By Our New Delhi Bureau

NEW DELHI JULY 3. The Deputy Prime Minister, L. K. Advani, went this morning to the Rashtriya Swayamsevak Sangh headquarters at Jhandewalan here and sought the blessings of its leaders for his innings in the new `avatar'. It was called a "courtesy visit."

The RSS spokesperson, M. G. Vaidya, said Mr. Advani was at Jhandewalan for about 20 minutes where he met the organisation's chief, Sudarshan, and others including H. V. Seshadri, Mohan Bhagwat, Madandas Devi and Mr. Vaidya himself. There was no one-to-one meeting with Mr. Sudarshan. Several other Ministers also went to Jhandewalan today.

Mr. Advani and the Bharatiya Janata Party have roundly criticised the recently-adopted resolution of the RSS favouring the trifurcation of Jammu and Kashmir. The party leaders, in and outside the Government, have been privately conceding that the implementation of the proposal would, in effect, mean handing over the Kashmir Valley to Pakistan.

The RSS chief stopped here for a couple of days after the recently-concluded session of the organisation in Kurukshetra where a resolution favouring the trifurcation was passed.

Meanwhile, with elections in Jammu and Kashmir only a few months away, the BJP Minister of State for Defence, Chamanlal Gupta, who took charge today, strongly demanded that the State be placed under President's rule before the elections. "When all the parties are demanding this why should the Chief Minister, Farooq Abdullah, object... especially since he claims he got a two-thirds majority in the previous election when the State was under President's rule?''

The Centre was committed to a free and fair election and to ensure this, President's rule was one of the options, Mr. Gupta said, referring to the Prime Minister's recent statement in Lucknow.

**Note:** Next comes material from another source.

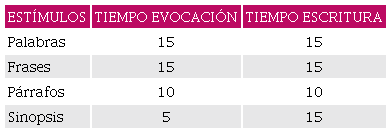Se lee una palabra con su descripción y las preguntas asociadas. Después se dejan veinte segundos para imaginar y anotar algo de lo que se ha visto mentalmente en un formulario preparado con anterioridad y subido a la plataforma. Tras leer los ítems de una etapa (por ejemplo, todas las palabras), el profesor los muestra en un power point por escrito y se deja al alumno que trabaje en esos ítems durante un tiempo determinado (quince minutos) intentando darles sentido en un esbozo de relato.

The Awami National Conference, headed by the former Jammu and Kashmir Chief Minister, G. M. Shah, has spelt out its own "conditions'' for participating in the elections. "There should be two boards, one at the Central level and another at the State. Eminent personalities like former Prime Ministers, jurists, human rights activists, leaders of the All-Party Hurriyat Conference and eminent opposition parliamentarians could be on the boards. It will only help the Government in ensuring free and fair polls,'' the ANC leader, Muzaffar Shah, said at a press conference here. A peace conference in Srinagar in August, where people from both sides of the border could participate to ponder over a possible Kashmir solution, could provide a platform for discussing the holding of free and fair polls.